# how to hoop?



## Prinsz (Oct 6, 2008)

A very wise and big man once told me when you get into embroidery you got to learn how to hoop to.
It si not just sliding the inner and outer hoop togeither,
I am using the hoopmaster and that works like a charm, but I can't seem to wonder I missing some good tips. Cause It's not always that good.
Do you have any?

Thanks a lot!


----------



## idelements (Feb 3, 2009)

What specifically is not good? Not straight? Not tight? Wrong placement?

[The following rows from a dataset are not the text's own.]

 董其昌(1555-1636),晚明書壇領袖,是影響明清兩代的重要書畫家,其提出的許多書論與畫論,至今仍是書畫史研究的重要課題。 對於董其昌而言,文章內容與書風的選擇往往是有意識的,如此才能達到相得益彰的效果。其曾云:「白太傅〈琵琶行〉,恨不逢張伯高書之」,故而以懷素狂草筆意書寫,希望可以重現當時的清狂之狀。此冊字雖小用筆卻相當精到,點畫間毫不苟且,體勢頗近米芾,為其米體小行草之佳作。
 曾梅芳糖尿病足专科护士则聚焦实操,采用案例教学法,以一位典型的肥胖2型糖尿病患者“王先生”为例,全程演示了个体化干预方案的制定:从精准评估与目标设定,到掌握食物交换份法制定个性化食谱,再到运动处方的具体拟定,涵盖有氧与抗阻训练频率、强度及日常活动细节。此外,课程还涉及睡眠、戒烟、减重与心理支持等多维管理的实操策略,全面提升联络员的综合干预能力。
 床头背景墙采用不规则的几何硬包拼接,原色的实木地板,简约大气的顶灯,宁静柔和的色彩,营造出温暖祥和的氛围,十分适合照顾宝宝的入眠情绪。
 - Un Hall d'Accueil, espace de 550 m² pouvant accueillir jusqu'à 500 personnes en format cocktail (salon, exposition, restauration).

The Hoopmaster is fool proof...that is what makes it such a wonderful hooper. I have had one for 10 years and COULD NOT live without it.


----------



## ikkuh (Apr 8, 2010)

AMEN! i second that!


----------



## lizziemaxine (Nov 14, 2007)

I use Hoop Master and love it. The only time I have alignment problems when using my Hoop Master is when it is a dark colored shirt with a pocket. Sometimes the light just isn't right and I can't see as well as I should to make sure that the guide is lined up to the pocket correctly.


----------



## AndTees (Jul 6, 2009)

lizziemaxine said:


> I use Hoop Master and love it. The only time I have alignment problems when using my Hoop Master is when it is a dark colored shirt with a pocket. Sometimes the light just isn't right and I can't see as well as I should to make sure that the guide is lined up to the pocket correctly.


Glad to see I'm not alone... thought it was just old age! 

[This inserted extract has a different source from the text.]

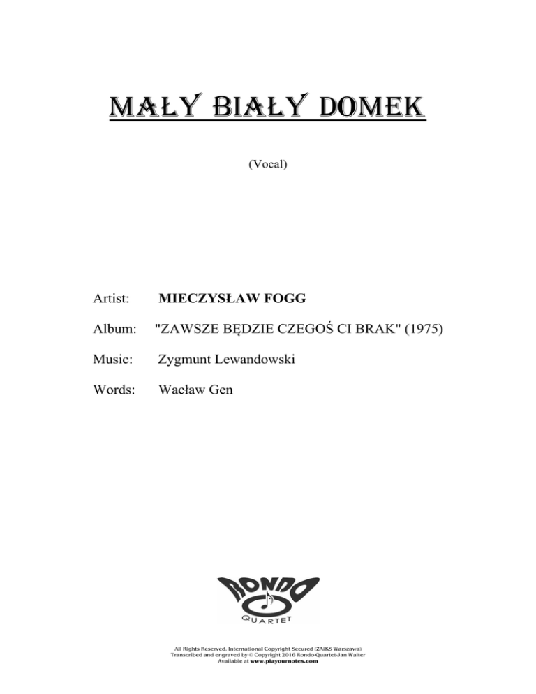 MAŁY BIAŁY DOMEK (Vocal) Artist: MIECZYSŁAW FOGG Album: "ZAWSZE BĘDZIE CZEGOŚ CI BRAK" (1975) Music: Zygmunt Lewandowski Words: Wacław Gen All Rights Reserved. International Copyright Secured (ZAiKS Warszawa) Transcribed and engraved by © Copyright 2016 Rondo-Quartet-Jan Walter Available at www.playournotes.com MAŁY BIAŁY DOMEK 1 VOCAL from "ZAWSZE BĘDZIE CZEGOŚ CI BRAK" (1975) Music by Zygmunt Lewandowski Words by Wacław Gen MIECZYSŁAW FOGG e»¡¡º 1 ## 2 V 4 nnb 8 ∑ A 10 Vb œ. W LET - 14 Vb œ œ JA - KIŚ 18 Vb œ. œ œ œ #œ NIĄ NOC SIE - DZĘ œ œ. ŻAL W SER œ œ SMUT - NĄ DZIŚ œ. PIOSN - - j œ ‰ œ SAM, œ œ j œ #œ KĘ GRAM WKO - ŁO œ. CU MAM, ‰ œ œ #œ CI - SZA MI JA - KOŚ œ. œ œ œ #œ œ TĘS - KNO - TA V ŹLE. BU - DZI œ Œ SIĘ, n## Vb 26 œ Œ œ TAK I œ PA - NU - JE. œ #œ œ . 22 B œ ## # V # 30 R.Q. All Rights Reserved. International Copyright Secured (ZAiKS Warszawa) Transcribed and engraved by © Copyright 2016 Rondo-Quartet-Jan Walter Available at www.playournotes.com J.W.

Probably the hardest thing to learn is not to stretch the fabric in the hoop. The function of the backing is to transfer the machine movements to your workspace. The garment gets stitched down and is just along for the ride. Make sure the backing is tight and just let the garment go along for the ride.


----------



## cookemb (Oct 6, 2009)

Another thing to remember is to use only as large a hoop as needed. If the hoop is quite a bit larger in diameter than the design, you could get the fabric bouncing a bit which will lead to registration problems among others.


----------



## NovaDisc (Sep 5, 2011)

Hoop Master will definitely be great for you. Just keep working on it. The more you do it, the better you will become. It takes some practice to become acquainted with the intricacies (sp?). With practice, soon you will become a master hoop master!

Thanks,
Michael 
Nova Disc


----------



## caseembr (Sep 5, 2011)

idelements said:


> What specifically is not good? Not straight? Not tight? Wrong placement?
> 
> The Hoopmaster is fool proof...that is what makes it such a wonderful hooper. I have had one for 10 years and COULD NOT live without it.


I have the hoopmaster also. It is the best thing I have ever purchased. I also have the magnetic hoops from hoop master and they are just wonderful very fool proof


----------



## kriscad (Dec 18, 2006)

Hoop Master all the way!


----------